AlphaFold2 was not designed to predict how proteins interact with each other, however it was able to model how individual proteins combine They form large complex units made up of multiple proteins. We had a tough question for AlphaFold – did the skeletal training set teach him some chemistry? Can you tell us if the amino acids will interact with each other – which is rare but important?

I am an account chemist interested in it fluorescent proteins. These proteins are found in hundreds of marine organisms such as jellyfish and corals. Her glow can be used to illuminate And the disease study.

There are 578 fluorescent proteins in Protein Data Bank, of which 10 are “broken” and do not shine. Proteins rarely attack themselves, a process called post-translational catalytic modification, and it is very difficult to predict which proteins will interact with themselves and which will not.

Only a chemist with a great deal of knowledge of fluorescent protein would be able to use amino acid sequences to find fluorescent proteins that contain the correct amino acid sequences to undergo the chemical transformations required to make them fluorescent. When we presented AlphaFold2 with sequences of 44 fluorescent proteins not found in the Protein Data Bank, It folded fixed fluorescent proteins differently than cleaved proteins.

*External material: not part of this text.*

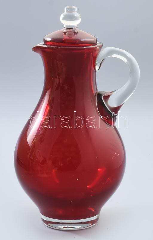 Beschreibung: Olasz bíborüveg fedeles kacsó. Fedélen kis pattanás, m: 24,5 cm

The result amazed us: AlphaFold2 learned some chemistry. He figured out which amino acids in fluorescent proteins do the chemistry that makes them glow. We suspect that the Protein Data Bank training set and Multiple sequence alignment Enable AlphaFold2 to “think” like chemists and search for the amino acids required to interact with each other to make the protein shine.

A foldable program that learns some chemistry from a training set also has broader implications. By asking the right questions, what else can be gained from other deep learning algorithms? Can facial recognition algorithms find hidden signs of disease? Could algorithms designed to predict spending patterns among consumers also find a propensity for petty theft or deception? And most importantly, this ability – and Similar leaps in ability In other artificial intelligence systems – desirable?

Mark Zimmer is Professor of Chemistry at Connecticut College.

This article has been republished from Conversation Under a Creative Commons License. Read the original article.